TASK ITEM:
The full listing should be written out verbatim, and its images should be dropped.

RECORDED DATA:
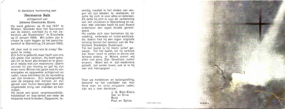 BALK, Hermanus, geboren op 16-5-1937 te Rheden, overleden op 21-1-1986 te Enschede, ziekenhuis op 48-jarige leeftijd, begraven op 24-1-1986 te Glanerbrug.
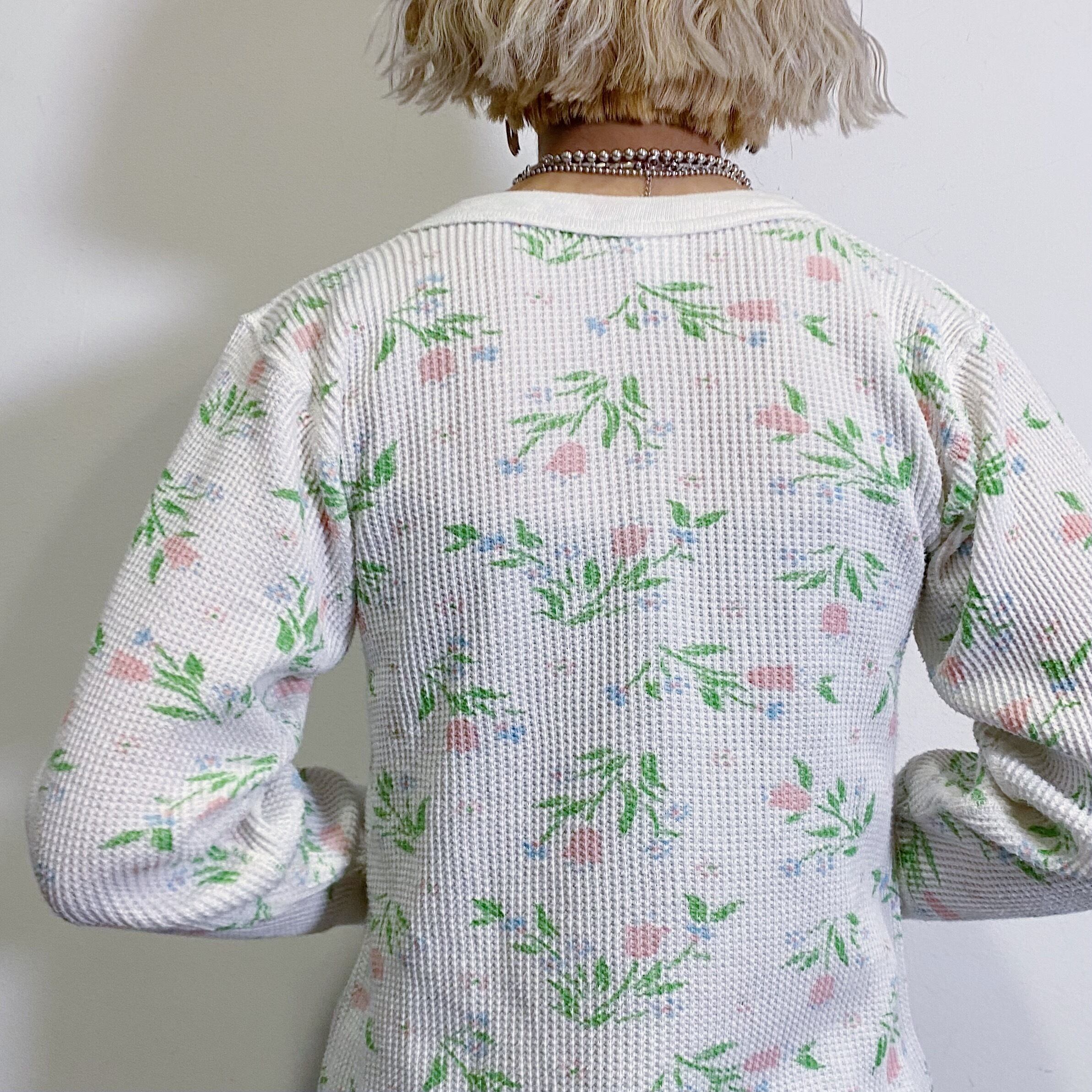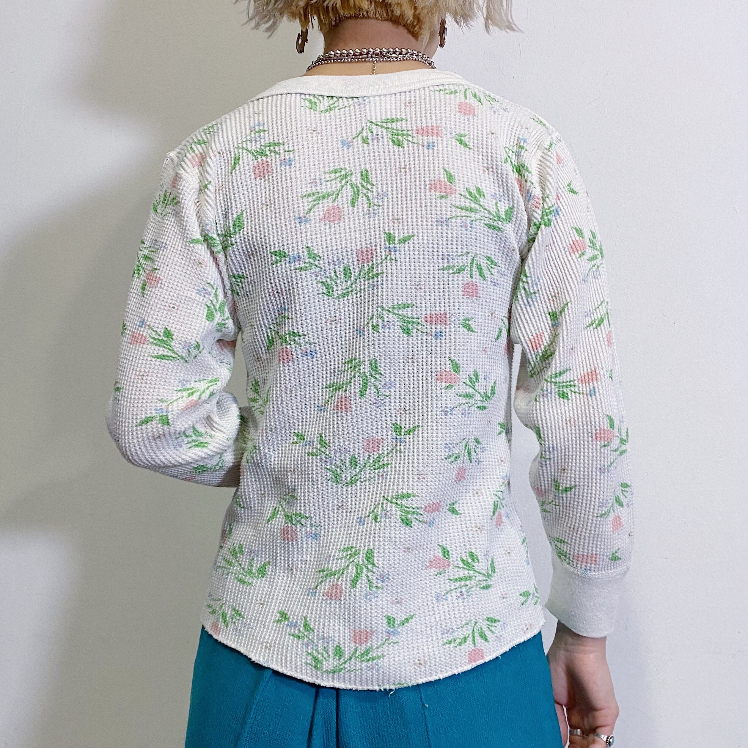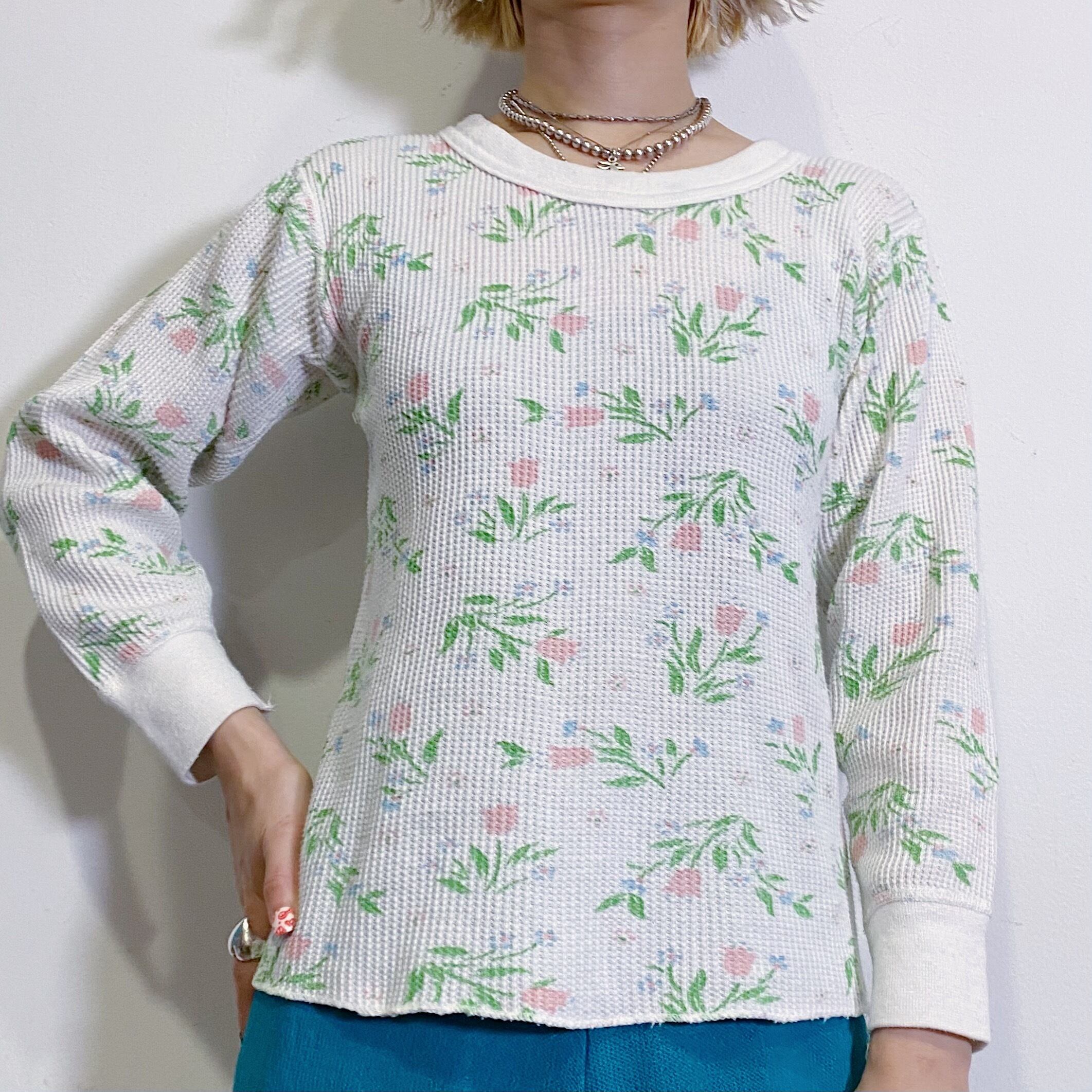 ホワイトカラーにピンクのチューリップ柄がかわいい、サーマルトップスです。
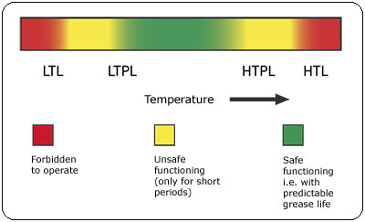 所有潤滑脂產(chǎn)品在設(shè)計時都考慮到工作溫度的范圍,如果溫度太高,潤滑脂將會軟化變稀而喪失稠度和/或發(fā)生劇烈的氧化;如果溫度太低,將導(dǎo)致軸承的啟動轉(zhuǎn)矩非常高和/或潤滑脂分油很低,這可以用交通燈概念的圖1和圖2來說明。低溫極限(low temperature limit ,LTL)是潤滑脂能夠使軸承毫無困難地啟動時的最低溫度;高溫極限(high temperature limit , HTL)是由潤滑脂稠化劑決定的,對于皂基潤滑脂來說,是由潤滑脂的滴點決定。滴點溫度表明,溫度高于滴點時潤滑脂的稠度損失是不可逆的,潤滑脂將變?yōu)橐后w。不建議潤滑脂在低溫極限和高溫極限之外工作(圖1和圖2)。
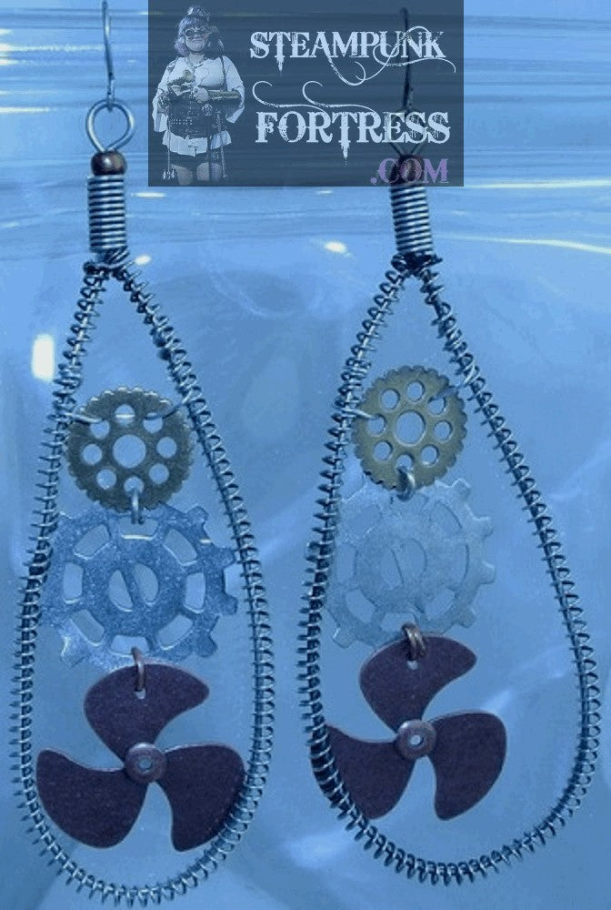 THIS IS A FABULOUS HANDMADE CUSTOM MADE STEAMPUNK DIESELPUNK CYBERPUNK, MEDIEVAL, RENAISSANCE, VICTORIAN, RENAISSANCE, EDWARDIAN, COSPLAY, COSTUME, SDCC, COMIC CON…..PIERCED EARRINGS...SILVER WRAPPED FRAME WITH BRASS AND SILVER GEARS AND COPPER PROPELLER..#1045

OUTPUT:
 BALK, Hermanus, geboren op 16-5-1937 te Rheden, overleden op 21-1-1986 te Enschede, ziekenhuis op 48-jarige leeftijd, begraven op 24-1-1986 te Glanerbrug.
 ホワイトカラーにピンクのチューリップ柄がかわいい、サーマルトップスです。
 所有潤滑脂產(chǎn)品在設(shè)計時都考慮到工作溫度的范圍,如果溫度太高,潤滑脂將會軟化變稀而喪失稠度和/或發(fā)生劇烈的氧化;如果溫度太低,將導(dǎo)致軸承的啟動轉(zhuǎn)矩非常高和/或潤滑脂分油很低,這可以用交通燈概念的圖1和圖2來說明。低溫極限(low temperature limit ,LTL)是潤滑脂能夠使軸承毫無困難地啟動時的最低溫度;高溫極限(high temperature limit , HTL)是由潤滑脂稠化劑決定的,對于皂基潤滑脂來說,是由潤滑脂的滴點決定。滴點溫度表明,溫度高于滴點時潤滑脂的稠度損失是不可逆的,潤滑脂將變?yōu)橐后w。不建議潤滑脂在低溫極限和高溫極限之外工作(圖1和圖2)。
 THIS IS A FABULOUS HANDMADE CUSTOM MADE STEAMPUNK DIESELPUNK CYBERPUNK, MEDIEVAL, RENAISSANCE, VICTORIAN, RENAISSANCE, EDWARDIAN, COSPLAY, COSTUME, SDCC, COMIC CON…..PIERCED EARRINGS...SILVER WRAPPED FRAME WITH BRASS AND SILVER GEARS AND COPPER PROPELLER..#1045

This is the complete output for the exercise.